Sur ce plan-là, rien ne changera à mon avis, c’est difficile d’y toucher. Le plus important, c’est qu’avec ce texte du Pape François, on sort de cette logique consistant à se référer constamment au sacrement de l’ordre. Je pense qu’il est primordial de quitter cette perspective, et de chercher comment on peut développer, sur la base du baptême, cette diversité de services et de ministères, qui peuvent être exercés par les laïcs…
… Et d’ailleurs ce motu proprio est sorti le lendemain de la fête du Baptême du Seigneur, peut-être que l’on peut le souligner aussi ?
Oui, c’est très parlant comme symbole, tout à fait.
Dans quelle mesure ce motu proprio pourrait-il répondre à des défis actuels, tels que le manque de prêtres dans certains diocèses, ou encore la difficulté d’accès à l’Eucharistie en cette période de pandémie?
Pour l’Eucharistie, on aura toujours besoin du prêtre qui fait en sorte que le pain et le vin deviennent vraiment le Corps du Christ. Cela, on ne peut pas y toucher. (…) Les ministères institués de lecteur ou d’acolyte sont des fonctions qui sont tout de même très liés à la liturgie. Pour l’acolyte c’est un peu plus large si l’on dit qu’il peut aussi porter la communion aux malades, etc., mais il n’est pas nécessaire d’être ministre institué pour le faire. Le document final, après le Synode sur l’Amazonie, évoquait aussi, par exemple, un ministère de femmes “leaders” de communauté. Apparemment, en Amazonie, il y a ce besoin-là. Il y aura aussi certainement d’autres pays intéressés par cette idée. Le Pape François n’en parle pas pour l’instant, mais ça peut être quelque chose à développer. Mais il faut bien réfléchir de quelle manière.

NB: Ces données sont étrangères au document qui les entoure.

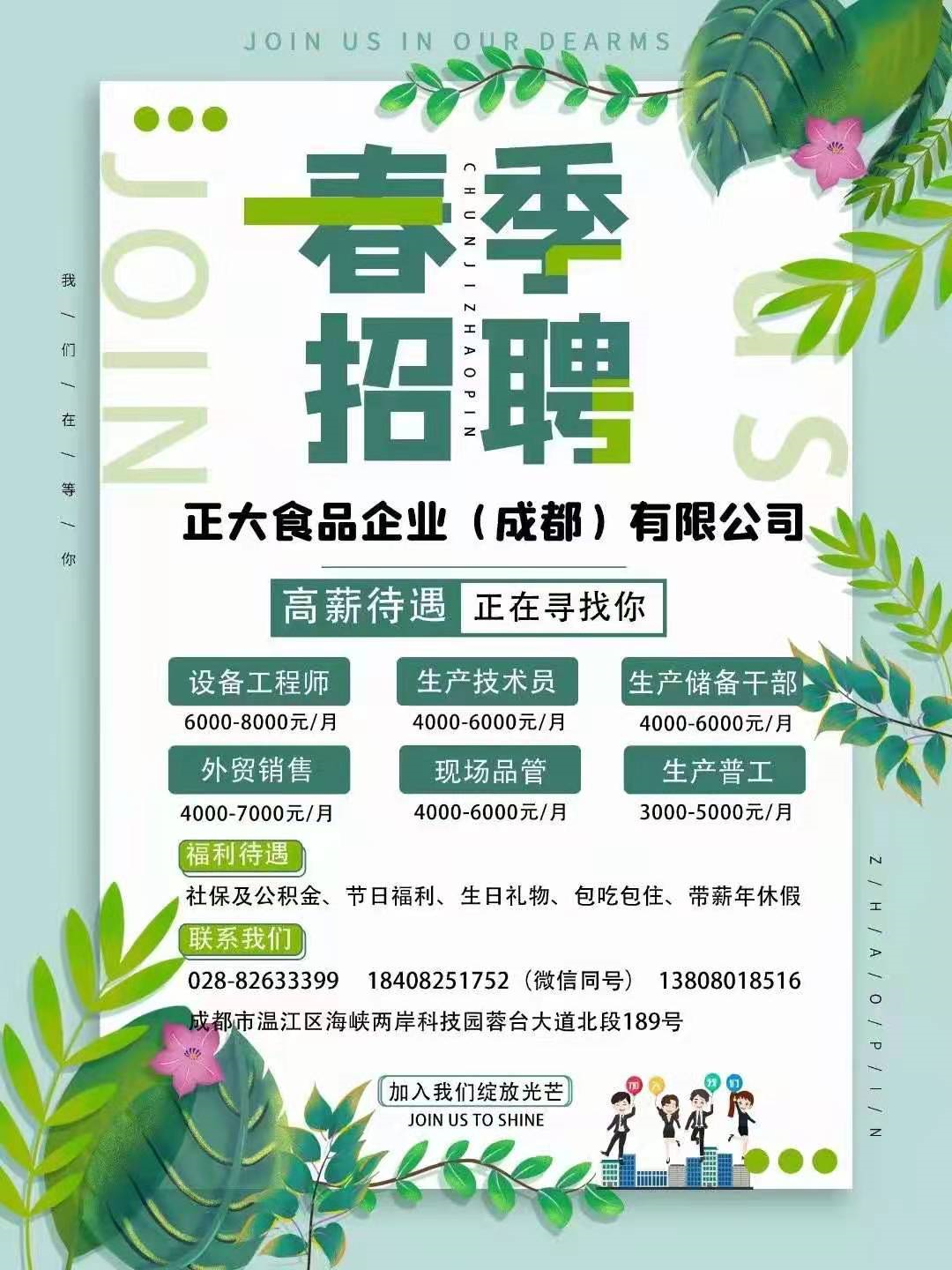 正大食品企业(成都)有限公司招聘

Comment va se passer la mise en œuvre de ce motu proprio dans les diocèses?
La seule chose que l’on sait, c’est que les conférences épiscopales devront formuler des critères, concernant notamment l’idonéité des personnes: il faut être apte à exercer le ministère en question, et il y aura sûrement des questions de formation, ou de formation permanente. Personnellement, je vois aussi un intérêt à avoir, au niveau des conférences épiscopales peut-être, des critères pour faire un discernement concernant l’opportunité d’avoir des ministères institués de ce genre – est-ce une vraie réponse à ses besoins? Ce n’est pas non plus une obligation. Chaque évêque diocésain est donc libre d’avoir ces ministères dans son diocèse, et je pense qu’on ne peut pas non plus les imposer aux paroisses. Dans ce sens, on peut aussi avoir là une diversification selon les endroits, selon les sensibilités, et il est important de maintenir cela. Parmi les questions ouvertes, je vois aussi celle de savoir comment on va gérer ce ministère si c’est à vie. La personne ne peut pas exiger d’exercer ce ministère dans sa propre paroisse, parce qu’on est au service de l’Église et donc au service du diocèse. Cela implique une certaine disponibilité pour aller là où il y a un besoin et là où l’évêque souhaite que la personne exerce ce ministère. [Et aussi,] qu’est-ce que cela implique lorsque la personne quitte le diocèse? Je pense que l’on peut faire une sorte de parallèle avec l’incardination des clercs. Ils sont incardinés, donc cela crée un lien juridique, avec des droits et des devoirs réciproques entre les clercs et le diocèse. Ce sera un peu pareil, je pense, pour les ministères institués. Ce n’est pas une incardination, mais cela crée quand même un lien plus fort entre le fidèle laïc qui reçoit ce ministère, et le diocèse où la personne va l’exercer.